## Problem to solve
Please return only the lines from the one holding "說到書房,在腦海浮現(xià" through the one holding "智元表示,本次晚会的流畅进行", exactly as they appear in the records below, both ends included.

## Data in this exercise
>>

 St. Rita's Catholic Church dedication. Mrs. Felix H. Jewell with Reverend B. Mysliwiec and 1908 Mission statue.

<<
>>

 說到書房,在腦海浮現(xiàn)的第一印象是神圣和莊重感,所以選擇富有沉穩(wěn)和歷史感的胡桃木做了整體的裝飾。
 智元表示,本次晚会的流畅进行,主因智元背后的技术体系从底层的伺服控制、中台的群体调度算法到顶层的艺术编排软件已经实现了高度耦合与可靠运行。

<<
>>

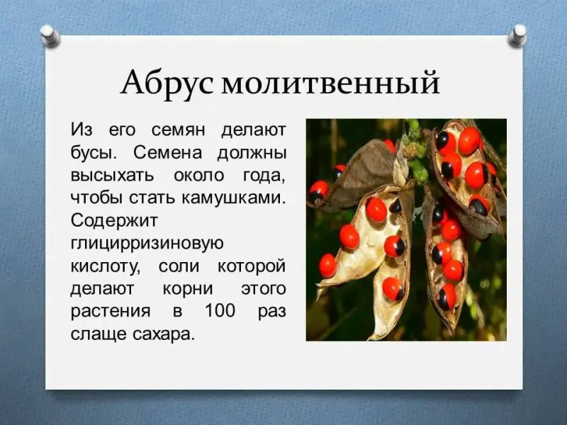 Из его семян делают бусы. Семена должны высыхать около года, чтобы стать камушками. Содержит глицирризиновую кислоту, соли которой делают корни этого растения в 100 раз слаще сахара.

<<

## The answer
 說到書房,在腦海浮現(xiàn)的第一印象是神圣和莊重感,所以選擇富有沉穩(wěn)和歷史感的胡桃木做了整體的裝飾。
 智元表示,本次晚会的流畅进行,主因智元背后的技术体系从底层的伺服控制、中台的群体调度算法到顶层的艺术编排软件已经实现了高度耦合与可靠运行。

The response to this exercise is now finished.